See Wikipedia and attendant references for a more detailed explanation: IEEE 754.

A key insight comes when the memory occupied by a IEEE 754 float is reinterpreted as an integer. When this is done, the integer in question is approximately logarithmic; after the exponent bias is subtracted, what remains is a log2(x) approximation scaled by 2^23.

For example, a function like the following can be used to approximate log2(x) by masking off the sign bit (u & 0x7fffffff), subtracting the exponent bias and scaling appropriately.

float log2_approx(float x)
unsigned int& i = (unsigned int&) x;
return float(((i&0x7fffffff) - (127<<23))) * (1.0f / (1<<23));

In the case of cube root, we'll divide the integer representation by 3 for an approximation of cbrt(x), which we can then refine using an iterative method such as Newton-Raphson or Halley's.
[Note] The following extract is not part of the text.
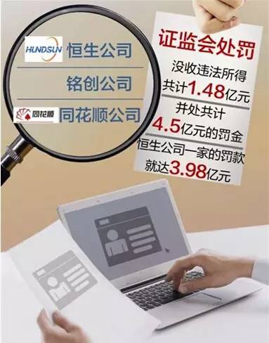 根據(jù)公告,恒生、銘創(chuàng)、同花順等3公司,因涉嫌非法經(jīng)營證券業(yè)務,獲取非法收益,嚴重擾亂證券市場秩序。證監(jiān)會依法沒收涉事3公司違法所得達1.5億元,處罰金共計近4.5億元,并對相關責任人員給予警告和罰款。消息一出,有媒體將之稱為“最狠罰單”。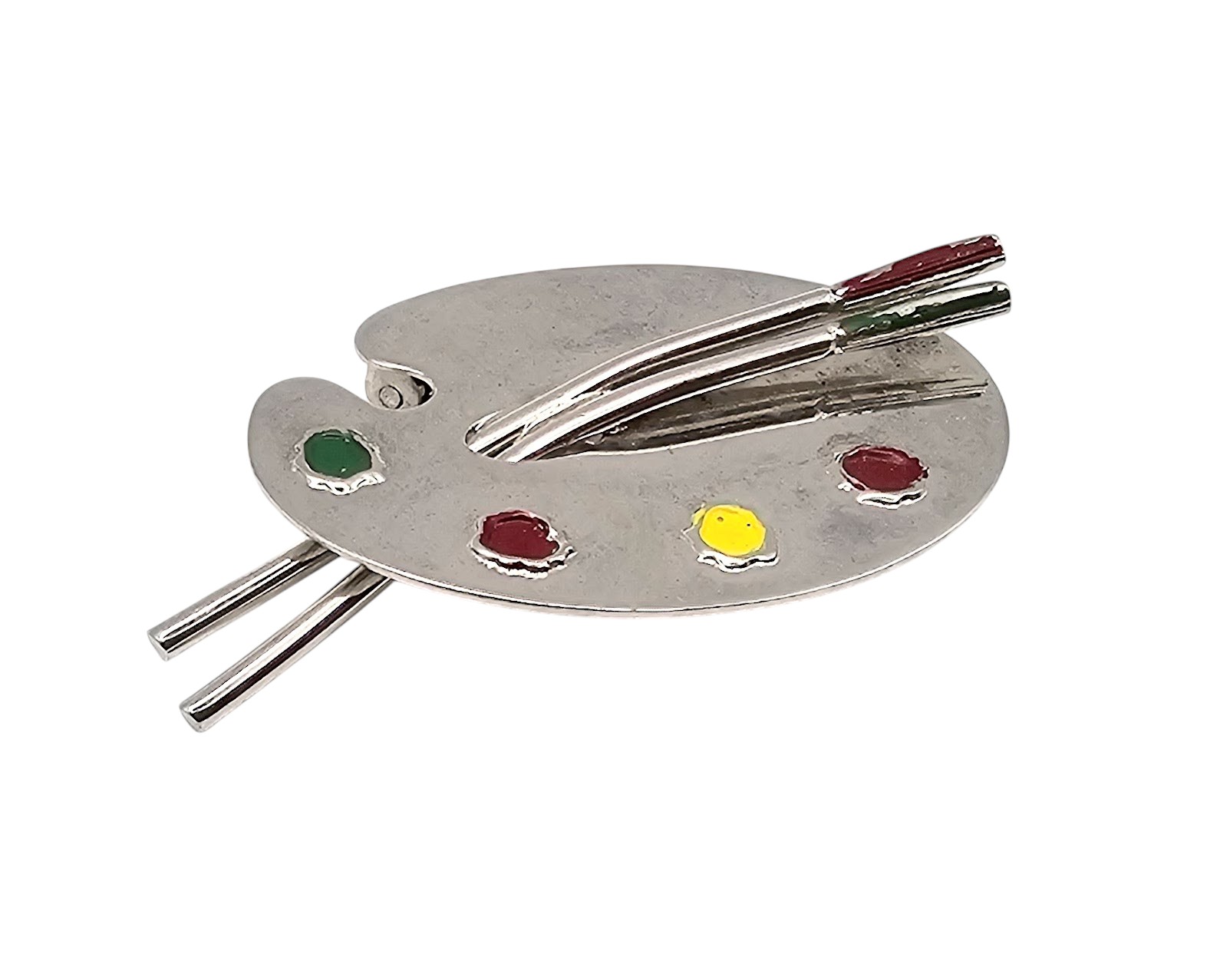 BEAU Enamel Sterling Silver Paint Pallet Brooch 4.4 G

The following function returns a cube root approximation with max relative error around 5% (in my tests). The exponent bias is subtracted, the integer representation is divided by three and then the exponent bias is restored. Caveat: It is assumed x >= 0. If negative x is possible, the sign bit needs to be saved and restored.

float cbrta(float x)
int& i = (int&) x;
i = (i - (127<<23)) / 3 + (127<<23);
return x;

Note: I've collected some notes on my investigations into faster cube roots here:In Search of a Fast Cube Root. Some sample C code is also available.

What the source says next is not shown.